- DeLisle DeLisle
- Coordinates: 30°22′44″N 89°16′5″W﻿ / ﻿30.37889°N 89.26806°W
- Country: United States
- State: Mississippi
- County: Harrison

Area
- • Total: 5.34 sq mi (13.84 km^{2})
- • Land: 5.23 sq mi (13.55 km^{2})
- • Water: 0.12 sq mi (0.30 km^{2})
- Elevation: 23 ft (7.0 m)

Population (2020)
- • Total: 1,275
- • Density: 243.7/sq mi (94.11/km^{2})
- Time zone: UTC-6 (Central (CST))
- • Summer (DST): UTC-5 (CDT)
- FIPS code: 28-18420

= DeLisle, Mississippi =

DeLisle (/dəˈlɪl, dəˈliːl/) is a census-designated place (CDP) in Harrison County, Mississippi, United States. It is part of the Gulfport-Biloxi Metropolitan Statistical Area. As of the 2020 census, DeLisle had a population of 1,275.
==History==
Pierre Le Moyne d'Iberville was chosen by Louis Phélypeaux, comte de Pontchartrain, Louis XIV's minister of Marine, to establish a French colony in the area. On d'Iberville's second trip to the Gulf in 1699-1700, d'Iberville was accompanied by the accomplished royal cartographer, Compte Guillaume Delisle. During this expedition, they charted and named Bayou Portage, Bayou Arcadia, and Bayou Delisle.
The unincorporated area north of the bayou, known as DeLisle, shares a zip code with Pass Christian, Mississippi, but is not within the city limits. The early settlement was called La Riviere des Loups (Wolf River).

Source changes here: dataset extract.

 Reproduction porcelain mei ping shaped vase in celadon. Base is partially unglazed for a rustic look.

The earliest verifiable records for the DeLisle area show that Barthelome Grelot was followed by his brother-in-law Philipe Saucier, who received two Spanish land grants; one in the St. Louis Bay area, recorded on August 27, 1781, followed in 1794, with a second tract that was situated on Bayou DeLisle, adjacent to his brother-in-law, Bartholome Grelot. These early French settlers were soon joined by Jean Baptiste Nicaise, Pierre Moran, Ramon Lizana, Chevalier DeDeaux, Jean Cassibry, and Charles Ladner.

A post office operated under the name DeLisle from 1884 to 1974.

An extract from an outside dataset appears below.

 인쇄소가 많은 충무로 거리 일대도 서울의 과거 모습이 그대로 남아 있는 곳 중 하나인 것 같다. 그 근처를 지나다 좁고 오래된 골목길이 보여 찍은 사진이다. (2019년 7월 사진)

DuPont opened a titanium dioxide plant in DeLisle in 1979. This plant, now operated by Chemours, is the second-largest producer of titanium dioxide in the world.

==Geography==
DeLisle is located on the north side of DeLisle Bayou and the Wolf River, which separate the community from the city of Pass Christian.

According to the United States Census Bureau, the CDP has a total area of 13.8 km2, of which 13.5 km2 is land and 0.3 km2, or 2.13%, is water.

==Demographics==

DeLisle first appeared as a census designated place in the 2010 U.S. census.

Historical population
| Census | Pop. | Note | %± |
| 2010 | 1,147 |  | — |
| 2020 | 1,275 |  | 11.2% |
U.S. Decennial Census

===Racial and ethnic composition===

DeLisle CDP, Mississippi – Racial and ethnic composition Note: the US Census treats Hispanic/Latino as an ethnic category. This table excludes Latinos from the racial categories and assigns them to a separate category. Hispanics/Latinos may be of any race.
| Race / Ethnicity (NH = Non-Hispanic) | Pop 2010 | Pop 2020 | % 2010 | % 2020 |
|---|---|---|---|---|
| White alone (NH) | 612 | 690 | 53.36% | 54.12% |
| Black or African American alone (NH) | 466 | 478 | 40.63% | 37.49% |
| Native American or Alaska Native alone (NH) | 0 | 5 | 0.00% | 0.39% |
| Asian alone (NH) | 12 | 7 | 1.05% | 0.55% |
| Native Hawaiian or Pacific Islander alone (NH) | 0 | 0 | 0.00% | 0.00% |
| Other race alone (NH) | 5 | 9 | 0.44% | 0.71% |
| Mixed race or Multiracial (NH) | 25 | 51 | 2.18% | 4.00% |
| Hispanic or Latino (any race) | 27 | 35 | 2.35% | 2.75% |
| Total | 1,147 | 1,275 | 100.00% | 100.00% |

===2020 census===
As of the 2020 United States census, there were 1,275 people, 440 households, and 304 families residing in the CDP.

==Notable people==
- Beulah Mae Donald, Civil Rights activist
- Matteo Martinolich, shipbuilder
- Jesmyn Ward, author; recipient of the 2011 and the 2017 National Book Awards for Fiction.